If you work on the space station, the amount of radiation is even higher. Scientists have a good idea of how much radiation people receive on the space station, and have instruments that determine radiation dose, so space travelers typically limit their stay to less than a year. NASA, concerned that the radiation on the space station might be damaging the nutritional value of food, asked Texas A&M nuclear engineers to calculate the damage caused by radiation to vitamin molecules in space station food packaging. Using a worst-case scenario, assuming that if a cosmic ray hit a vitamin molecule it would inactivate it, the result of the calculation was that any change produced by radiation would be trivial compared to the changes that occur due to storage in a radiation-free warehouse. In fact, most of the time the vitamin molecule will not be damaged.

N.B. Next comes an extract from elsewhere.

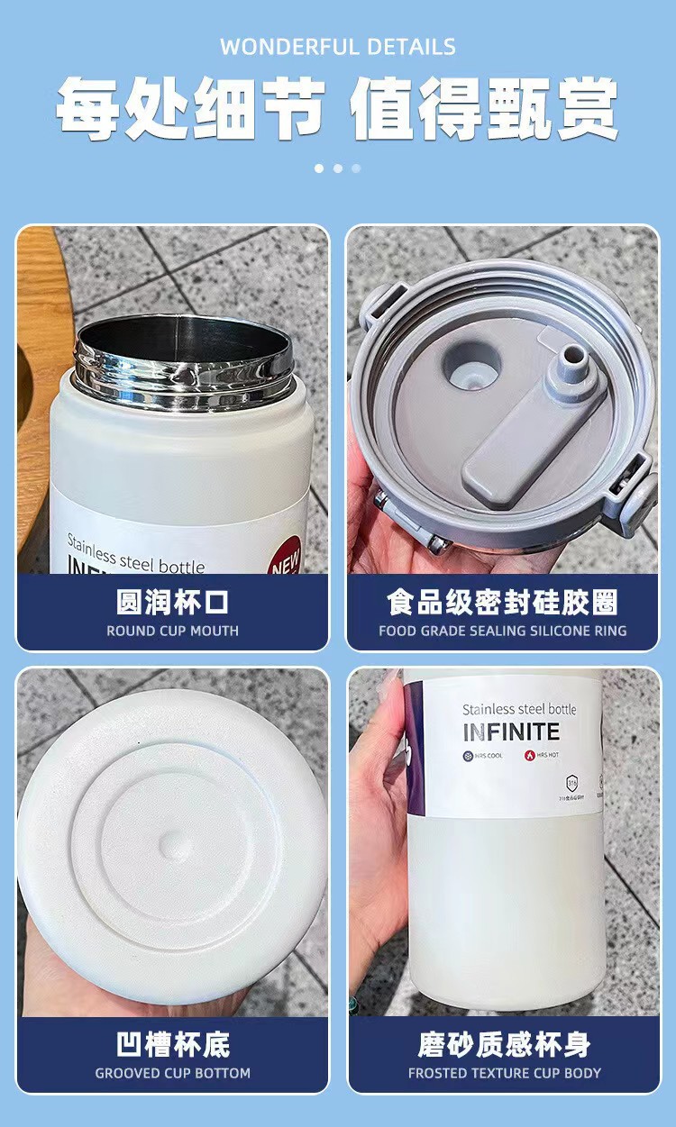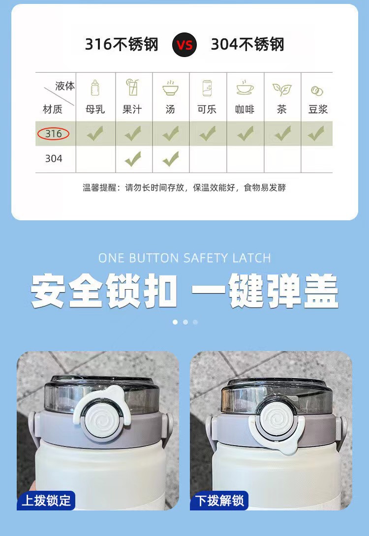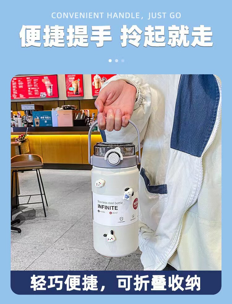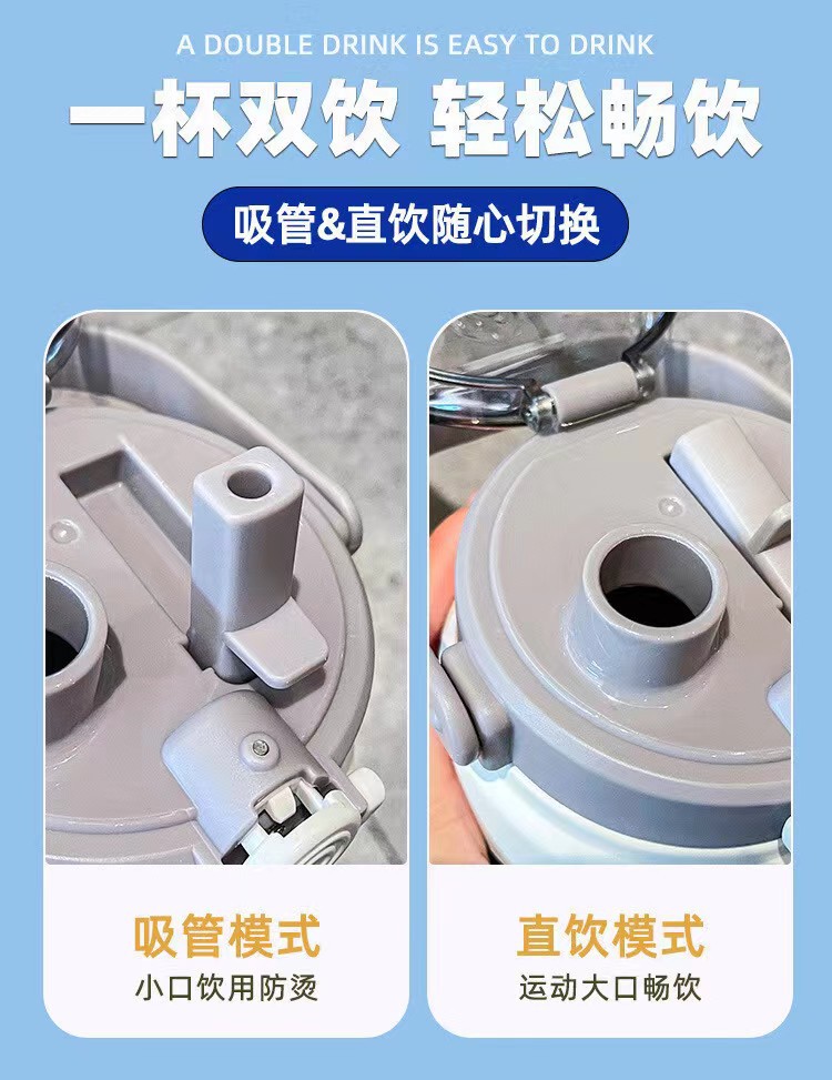 提手保温杯学生上学专用双饮大容量杯子不锈钢高颜值便携随行水壶

However, out of that continuing abundance of caution, Texas A&M nuclear engineers were asked to help test the effects of radiation of food. The researchers exposed NASA food packages to high levels of radiation many times what it would be exposed to in space and found only minor changes. Eventually, food packages were sent to the space station and identical packages were placed in refrigerated storage on the ground. After more than a year, the food was analyzed to see if any nutrients had been lost. The same amount of loss occurred whether the food had been stored in space or on the ground.

Every day we encounter some form of radioactivity in the air around us, water and food we take in, the earth we walk on, and the products we purchase and use. Beyond the use of radiation to diagnose disease and treat cancer, few people are aware of the many beneficial applications of nuclear technology, and the research currently taking place to further improve our lives. Texas A&M Nuclear Engineers are leading the way to helping the world safely use this resource for its many benefits.